TRELLEBORG, Sweden—Trelleborg A.B. has reported a 6.4 percent year-on-year decline in earnings (EBITDA) for the third quarter of 2019, despite higher sales.
EBITDA, excluding items affecting comparability, fell to $117 million on 6 percent higher sales of SEK $911.1 million, Trelleborg said in its Oct. 24 earnings report.
Over the nine-month period, earnings fell 1 percent to SEK3.9 billion on 7 percent higher sales of SEK27.5 billion.
CEO and President Peter Nilsson said the quarter saw a weaker organic sales trend in a number of markets, which was partly offset by a good development in the aerospace business as well as significant sales in the oil and gas operations.
"Overall, organic sales decreased by 1 percent and by 3 percent excluding our positive project transactions," he said, adding that operating profit for the period declined 9 percent, mainly because of reduced sales and stock adjustments in Trelleborg Wheel Systems.
Commenting on cost-saving measures announced at the end of the second quarter, Nilsson said he expected the initiatives to have an impact toward the end of the year and during 2020.
Nilsson said the industrial trend is generally weaker in most geographical markets compared with the first half of the year, reflecting the trade conflict between the U.S. and China, as well as the uncertainty related to Brexit.

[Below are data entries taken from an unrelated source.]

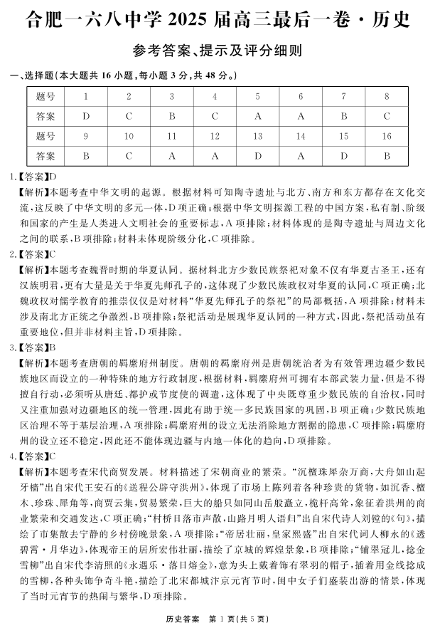 安徽省合肥一六八中学2025届高三最后一卷 历史答案.pdf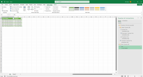 您將看到“檔名”和“列 1”等列,其中“列 1”包含每個文字檔案中的內容。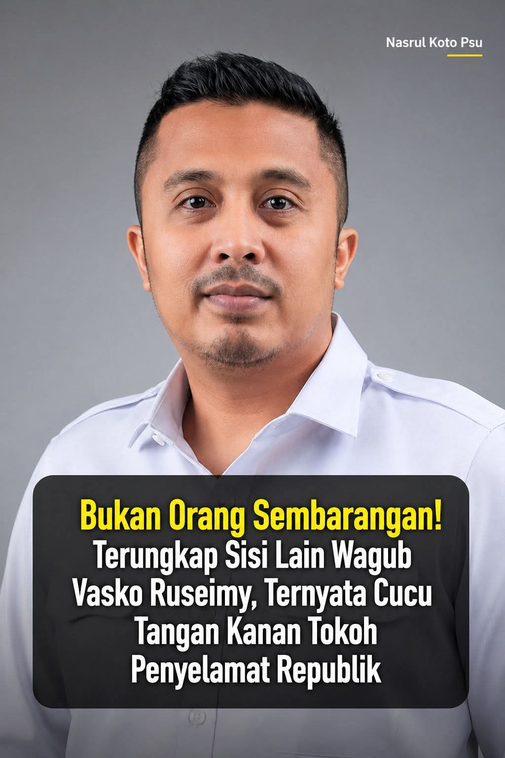 Selama ini, publik mengenal Vasko Ruseimy sebagai sosok Wakil Gubernur Sumatera Barat yang energik, seorang pengusaha sukses, sekaligus figur populer di dunia digital melalui kanal YouTube Macan Idealis. Namun, di balik citra modern dan gaya kepemimpinannya yang santai, tersimpan sebuah fakta sejarah yang selama ini jarang terekspos: Vasko adalah pewaris darah pejuang dari salah satu tokoh kunci masa mempertahankan kedaulatan Indonesia.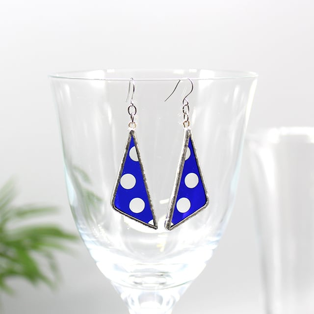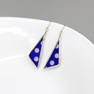 ステンドグラスの三角ピアス【ブルー/クリア・ドット柄】カラーです。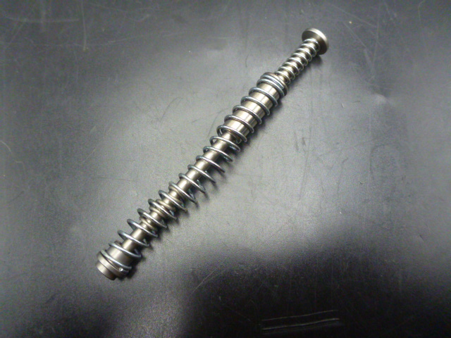 Ce système fonctionne à l’aide de ressorts imbriqués : le ressort principal qui a la même fonction que le ressort récupérateur d’origine, le ressort secondaire qui amorti la course de la culasse (et qui, par conséquent, protège la carcasse ) et le 3ème ressort qui se trouve à l’intérieur de la tige guide et qui constitue à la fois un dernier amortissement tout en protégeant le système lui-même ( la tige guide interne fini sa course sur ce ressort qui se trouve au fond d’un fourreau entourant la tige guide).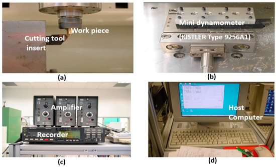 Experimental setup showing (a) cutting tool insert and the vertically oriented workpiece, (b) dynamometer with tool holder, (c) data recorder, and (d) host computer.

"This global economic slowdown has impacted sales volumes, not least to customers in the automotive and general engineering industries for both Trelleborg Sealing Solutions and Trelleborg Industrial Solutions," Nilsson added.
Overall, the company official anticipated that the demand in the last quarter of the year would be on a par with the third quarter, and with an unfavorable sales mix similar to the third quarter.
"As previously, we are carefully monitoring economic developments and stand well prepared to manage fluctuating market conditions," he said.